# Thoughts from a new TiVo BOLT owner. (Supposedly the BOLT's target audience)



## rsday75 (Oct 8, 2015)

I got a email from TiVo wanting a review of the new BOLT. Below is what I sent in. Thought it might be of interest to the TiVo folks that sometimes are on this board. I hope others here will add suggestions

I have had the BOLT up and running for about a week now. I am coming from a 2 tuner cable provided DVR with a 160GB harddrive. 18-20 hours of HD recording and it was full. The is the best my small local cable provider could provide.They have not made the digital transition yet, and are out of bandwidth because of still sending the analog signals.20/2 is the best internet connection they can offer me without a commercial account. Then it is 50/5 and very expensive.

I used MediaBrowser/Emby + Kodi to supplement when I couldn't record something due to lack of space or tuner conflicts. I was looking at Windows MediaCenter, but then they discontinued it in Windows 10. I started looking for alternatives such as TiVo and the new SiliconDust offerings.

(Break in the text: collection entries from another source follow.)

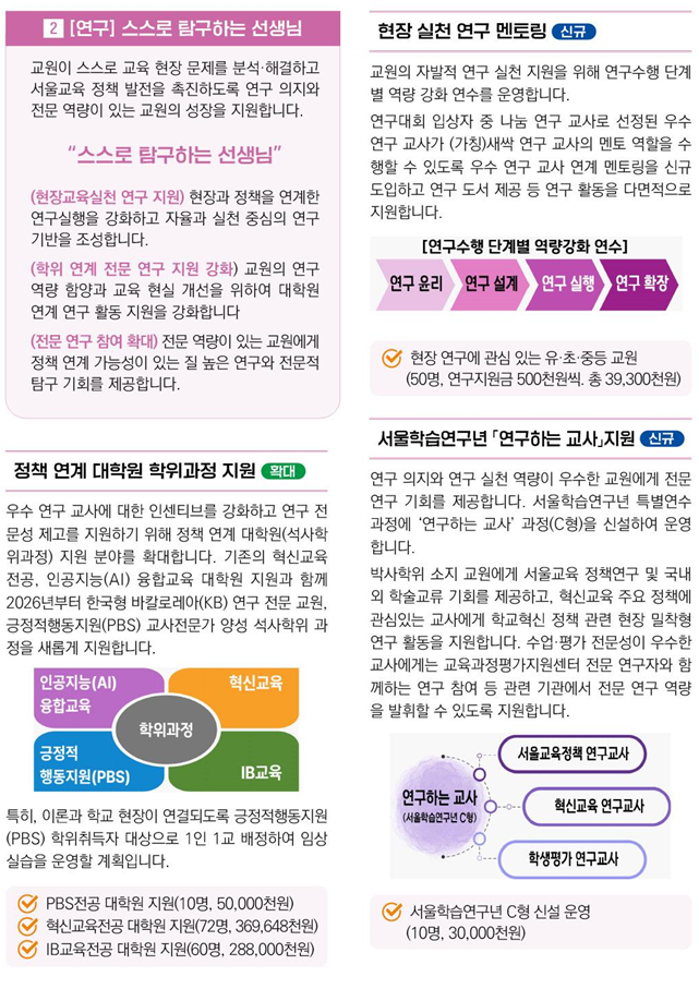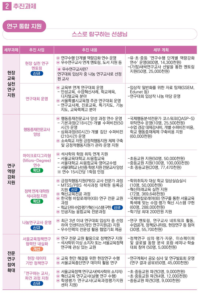 - 교원의 자발적 성장과 연구 실천 지원을 위한 ▲연구 수행 단계별 역량 강화 연수 ▲우수 연구교사 멘토링 운영 등 현장 중심의 자율 실천 연구 기반을 조성한다.
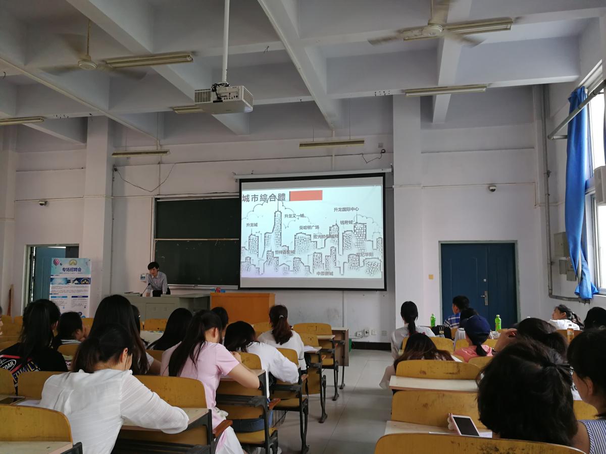 为了更好的做好15级学生的毕业实习工作,我院于 5月18日至21日举办了五场毕业实习宣讲会,受邀企业有:北京位来job、北京金信华纳、北京中企世博、北京链家、碧桂园、恒达、海底捞、百度锐之旗等18家公司,我院15级560名学生参加本次宣讲会。
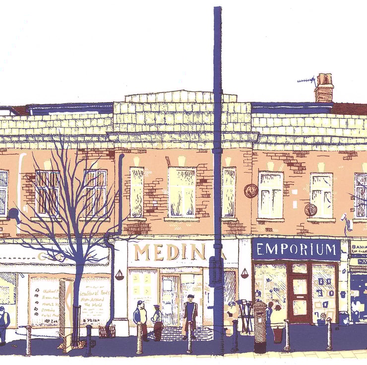 This high quality giclee print is of a screenprinted artwork by Leeds based illustrator Simon Lewis. The image is of a parade of shops on Chapeltown Road, one of many architecturally interesting shop fronts in an area that has remained occupied by local businesses rather than national chains. I particularly liked the decorative tiled frontage of this parade, using the local Burmantofts tiles that were popular in the ear. It’s a 4 colour screenprint, each colour derived from a detailed drawing to give a bright and vibrant overall image.
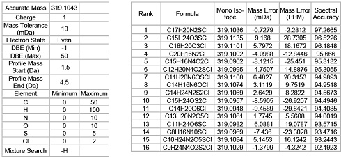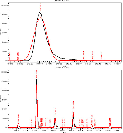 圖3. 感興趣離子的原始(黑色)和峰形校正后(紅色)質(zhì)譜圖(頂圖 -- 單同位素峰;底圖 -- 包含可能M-H離子的完全同位素輪廓) 表1顯示了sCLIPS分子式測定參數(shù)和結(jié)果,需要注意的是,可能存在的M-H構(gòu)形用于混合搜索,MassWorks 2.0的一個(gè)新特點(diǎn)能處理三個(gè)相關(guān)的干擾離子,相應(yīng)地,譜圖準(zhǔn)確度工具現(xiàn)在能夠計(jì)算相對(duì)于319.1043 Da測定質(zhì)量,從-1.5 Da到4.5 Da的質(zhì)量范圍,因此覆蓋了可能干擾離子的全部同位素輪廓??偣?span lang="EN-US">70種不同分子式滿足±10 mDa的質(zhì)量偏差(見表1),正確的分子式C17H20N2SCl ,顯示了97.27%的高譜圖準(zhǔn)確度.
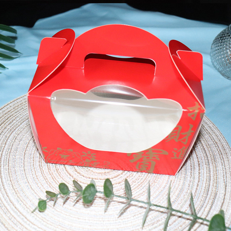 大金元宝包装纸盒中国红招财进宝蛋糕吐司面包元宝盒透明窗商用
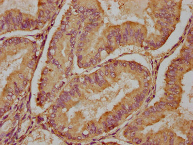 IHC image of CSB-PA617840LA01HU diluted at 1:100 and staining in paraffin-embedded human endometrial cancer performed on a Leica BondTM system. After dewaxing and hydration, antigen retrieval was mediated by high pressure in a citrate buffer (pH 6.0). Section was blocked with 10% normal goat serum 30min at RT. Then primary antibody (1% BSA) was incubated at 4°C overnight. The primary is detected by a biotinylated secondary antibody and visualized using an HRP conjugated SP system.
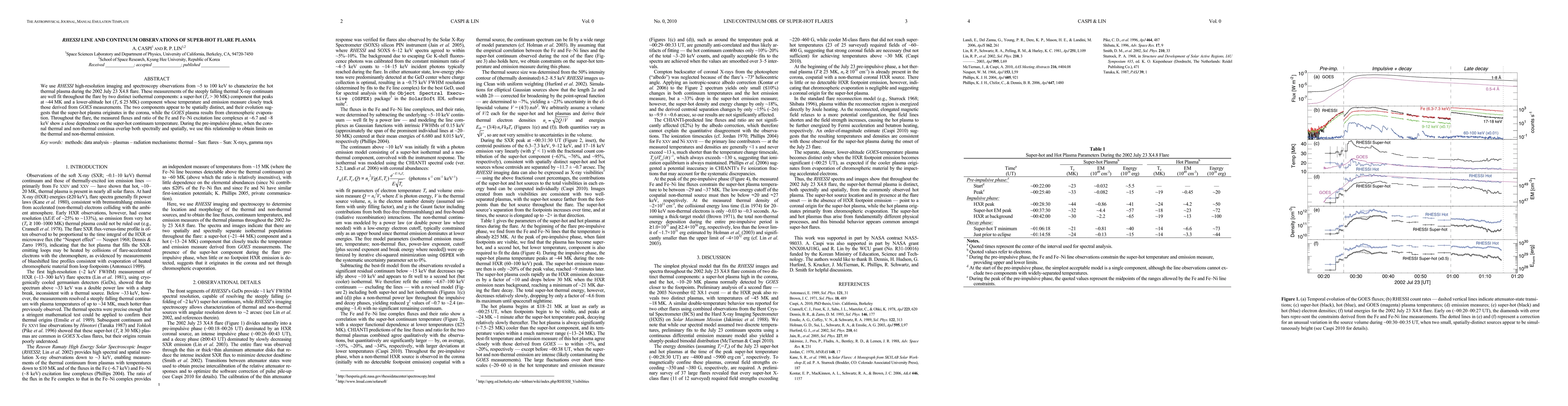 We use RHESSI high-resolution imaging and spectroscopy observations from ~5 to 100 keV to characterize the hot thermal plasma during the 2002 July 23 X4.8 flare. These measurements of the steeply falling thermal X-ray continuum are well fit throughout the flare by two distinct isothermal components: a super-hot (T > 30 MK) component that peaks at ~44 MK and a lower-altitude hot (T < 25 MK) component whose temperature and emission measure closely track those derived from GOES measurements. The two components appear to be spatially distinct, and their evolution suggests that the super-hot plasma originates in the corona, while the GOES plasma results from chromospheric evaporation. Throughout the flare, the measured fluxes and ratio of the Fe and Fe-Ni excitation line complexes at ~6.7 and ~8 keV show a close dependence on the super-hot continuum temperature. During the pre-impulsive phase, when the coronal thermal and non-thermal continua overlap both spectrally and spatially, we use this relationship to obtain limits on the thermal and non-thermal emission.
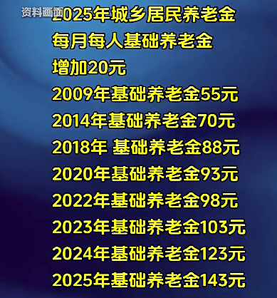 从2009年国家确定的最低居民养老金标准每人每月55元提高至2023年的103元,14年增长了48元。2024年、2025年先后增长20元,最低基础养老金提至143元,今年继续增加20元。城乡居民基础养老金已连续3年每月涨20元,3年涨幅超过此前14年增额。
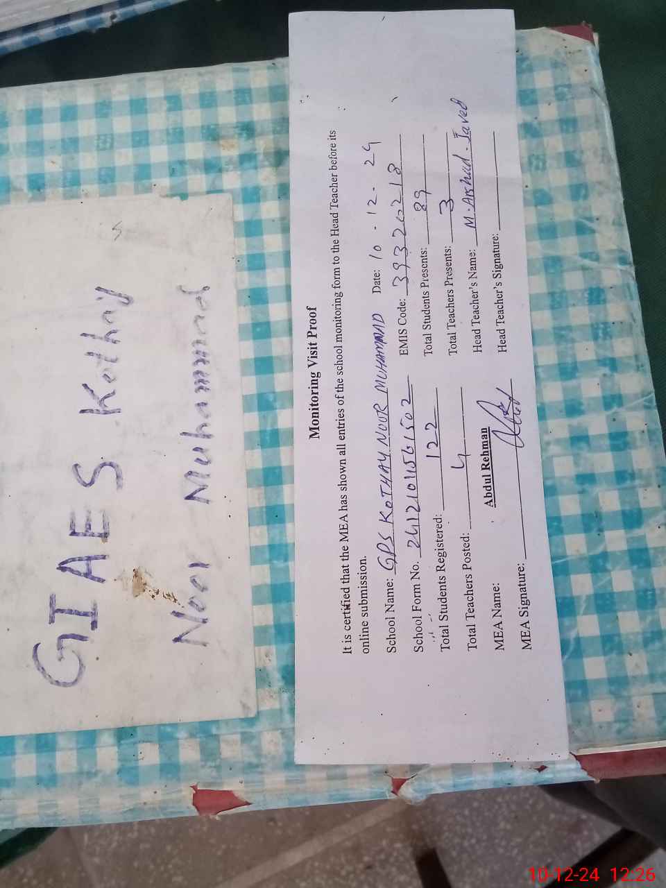| EMIS Code: 39320218 | Name of School: GPS KOTHAY NOOR MUHAMMAD | |||

My choice had to have a high WAF (Wife Acceptance Factor ) Easy to use and "just works". I do not mind paying a fair price for a very good solution. So far the TiVo has fit the bill pretty well.

Things I like:
--More space is great.
--Interface and OnePass are wonderful. Much better than what I had.
--4 tuners has all but eliminated tuner contention.
--The speed of the interface/device is very good.
--Searching my DVR recordings/guide with the streaming options in one place is a great feature.
--Picture and sound quality is much higher that the cable provided box. It was connected with the same HDMI cable, so it has to be the newer box.

Things to consider:
--The setting from previous TiVo boxes to dis-allow clipping is not there. This would make only having 4 tuners even better as repeated shows could be recorded at a later time, not clipped.
--Update to allow streaming to 2 devices in the home at the same time cannot come soon enough.
--Update to allow Out Of The Home streaming cannot come soon enough.
--Keep improving the Plex integration. I love this feature, and the more formats the BOLT can direct play without transcoding, the better.
--Would be nice if the BOLT could search your Plex content like it does Amazon and Netflix.
--Keep adding additional streaming channels. To truly keep me from needing an additional box, apps for HBO, Showtime, Hulu, Crackle, etc, etc would be super nice. The more the better.
--Keep improving the Amazon FireTV app. (Beta now, so I hope some of the below is coming.) I know you want to sell Minis, but a Fire TV Box/Stick is good to have on a seldom used TV to access the TiVo. (I have a TV I occasionally put on the deck to watch a game and only having to run power is nice.) It would be great to be able to stream "live" TV to it at least on the same home network.(I know I can start the recording and then view it in progress on the Fire TV, but having the Fire TV app allow you to start a live show like the iOS/Android app would be nice.
--Voice command/search in the future with a new voice enabled slide remote, perhaps? The best of all controls in one remote? (And, pipe dream here, make that remote a learning/universal remote to allow me to switch inputs on my AVR.)
--The ability to do both OTA and CableCard at the same time in combination.

You have a box that could beat every STB box and streaming box like AppleTV, FireTV, Roku, etc. You are so close to having an amazing piece of hardware in the BOLT!! Keep adding/updating the features and I will recommend the TiVo to everyone I can!!!


----------



## kisby (Mar 31, 2002)

:up:


----------